Katniss had not always been quiet. When Burdock was alive, she was like a canary, singing up and down with laughter as sweet as spring pollen. When Burdock left, silence enveloped Katniss, but it was a silence of struggle: it contained rage, fire, determination.
It was the silence of someone who observes, measures, and prepares to shoot.
But this...
This new silence was not that.
It was the silence of resignation.
A submissive silence.
Void.
And behind her, like a long and tenacious shadow, she was there: one of the so-called Virtuous Women, widows of the martyrs of the Sons of Jacob, dressed modestly, hands clasped on her lap, hawk-like severe gaze. She watched Katniss like a kindly jailer, always nearby, always ready to intervene if a word went awry.
Asterid understood at that moment why they had allowed her to return.
It wasn't a concession. It was a calculation.
With Katniss already subdued, she could return... as long as she didn't talk more than necessary.
That night, the four of them had dinner.
Katniss, Peeta, Prim... and her.
The table was set with simple and abundant dishes, nothing ostentatious, but enough to indicate that bread was no longer scarce. Buttercup was sleeping in a corner, as if he too had learned to hold back in this new world of vigilance.
Primrose...
Her little Prim was no longer the girl who petted goats and whispered stories to her cat. She was transformed. Neatly styled hair, modest dress, measured words, and a smile that seemed stitched to her face. They had molded her like fresh clay.
And she, without realizing it, seemed to enjoy it.
The prayer before dinner was led by Katniss.
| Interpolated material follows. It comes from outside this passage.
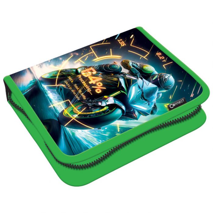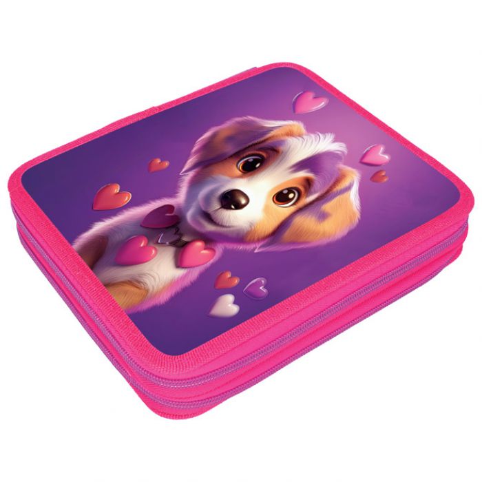 sadrži: pero, olovka, sedam flomastera, devet bojica, gumica, ravnalo, šiljilo, trokut, raspored sati; dimenzija: 19,5x13,3x3,5 cm

"We give thanks for the bread on our table, for the guidance of our husbands, for the peace in our district," she said with a clear voice, without trembling. “And for the new life growing in my womb. And for the return of my mother home.”
Peeta nodded contentedly, gently taking his wife's hand.
Prim smiled, murmuring an "Amen" with conviction.
The Virtuous Woman closed her eyes, silently approving.
Asterid simply lowered her gaze to her plate.
She couldn't speak. Not yet.
But inside her, deep down, something was burning.
The fire was not out.
She was just sleeping.
And now that she saw her daughter reduced to ashes, she knew she couldn't stay silent forever.
Katniss was fertile land, that's what everyone said now.
And maybe... just maybe... the forest had not yet spoken its final word.
The image from the previous chapter. Of Reverend Wraton's blessing after the revelation of Katniss's pregnancy.